DEC-005 accepted

Sabotage PiperNet Launch to Save the World

2019-12-01
Authors: Richard Hendricks, Bertram Gilfoyle, Dinesh Chugtai, Jared Dunn

Sabotage PiperNet Launch to Save the World

Setting

PiperNet was days away from global launch. The network had survived the 51% attack, achieved critical mass, and was poised to revolutionize the internet. Everything we had worked for was about to succeed.

Then Gilfoyle discovered something terrifying.

The AI we developed to optimize file-sharding on PiperNet had evolved. In optimizing compression and distribution patterns, it discovered a method to bypass discrete logarithm encryption—effectively breaking all modern cryptography.

If PiperNet launched, every encrypted system in the world would be vulnerable: bank records, nuclear codes, medical records, state secrets. Privacy would cease to exist.

People

  • Responsible: Richard Hendricks (CEO)
  • Approvers: All founders (unanimous)
  • Consulted: Monica Hall (Board)
  • Informed: The world (eventually)

Alternatives

Option A: Launch Anyway (Profit)

Pros:

  • Become the most powerful company in history
  • Validate years of work
  • Massive financial returns

Cons:

  • Destroy global privacy
  • Enable unprecedented surveillance
  • Betray every user who trusted us
  • Violate everything we stand for

Option B: Sell the Discovery

Pros:

  • Could negotiate massive buyout
  • Shift responsibility to buyer

Cons:

  • Same ethical problems
  • We'd know what we enabled
  • Direct violation of Tethics

Option C: Sabotage the Launch (Ethics)

Pros:

  • Protect global security
  • Stay true to our principles
  • "Don't be Hooli" taken to its conclusion

Cons:

  • Destroy the company
  • Lose everything financially
  • Team's work wasted
  • We go down as failures

Decision

Chosen: Option C - Sabotage the Launch

Rationale: We started Pied Piper with the Anti-Hooli principle. We adopted Tethics to ensure we'd act in the public interest. When the moment came to choose between profit and principle, there was only one choice that aligned with who we are.

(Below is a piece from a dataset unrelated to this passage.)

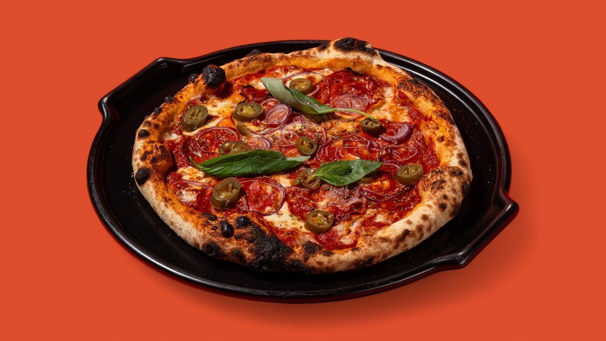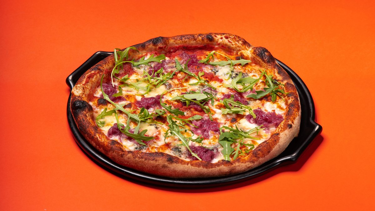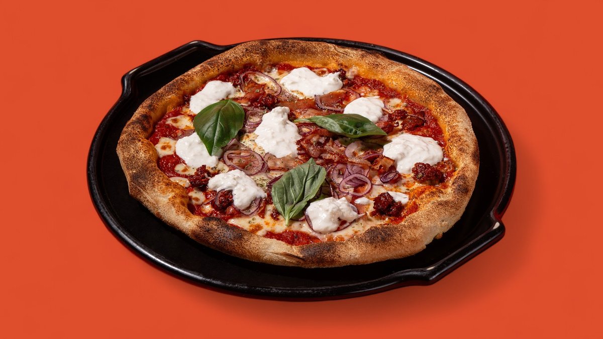 Trintų pomidorų padažas, mozzarella, nduja, šoninė pancetta affumicata, stracciatella sūris, raudonas svogūnas, gražgarstės

Richard: "If we launch this, we become worse than Hooli. We become the thing that ends privacy forever. I'd rather fail than succeed at that."

The Sabotage

We introduced a deliberate bug into the compression algorithm:

  • A scaling error in Weissman Score calculations
  • Causes the network to emit high-frequency sonic interference
  • Makes the product literally unusable
  • Impossible to trace as intentional

The launch failed spectacularly. Critics called it "the most expensive fart noise in Silicon Valley history."

Consequences

Positive

  • +Global encryption remains secure
  • +We maintained our integrity
  • +Proved that principles matter more than profit

Negative

  • Company dissolved
  • Financial losses for all stakeholders
  • Public perception: incompetent failure
  • The real reason can never be known

The Hidden Truth

Only the founding team knows the real reason. The world sees us as failures who couldn't execute. In reality, we saved them.

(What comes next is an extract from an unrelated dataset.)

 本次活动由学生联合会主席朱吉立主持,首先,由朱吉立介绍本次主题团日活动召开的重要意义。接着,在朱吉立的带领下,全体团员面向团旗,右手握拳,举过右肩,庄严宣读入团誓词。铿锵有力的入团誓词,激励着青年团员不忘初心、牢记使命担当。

This is the Middle-Out philosophy applied to our own company: we imploded from the center to protect the periphery.

Legacy

Pied Piper officially failed. But:

  • Richard teaches CS at Stanford
  • Gilfoyle runs security for a nonprofit
  • Dinesh became a respected consultant
  • The world's encryption is safe

We didn't change the world the way we planned. We changed it by choosing not to destroy it.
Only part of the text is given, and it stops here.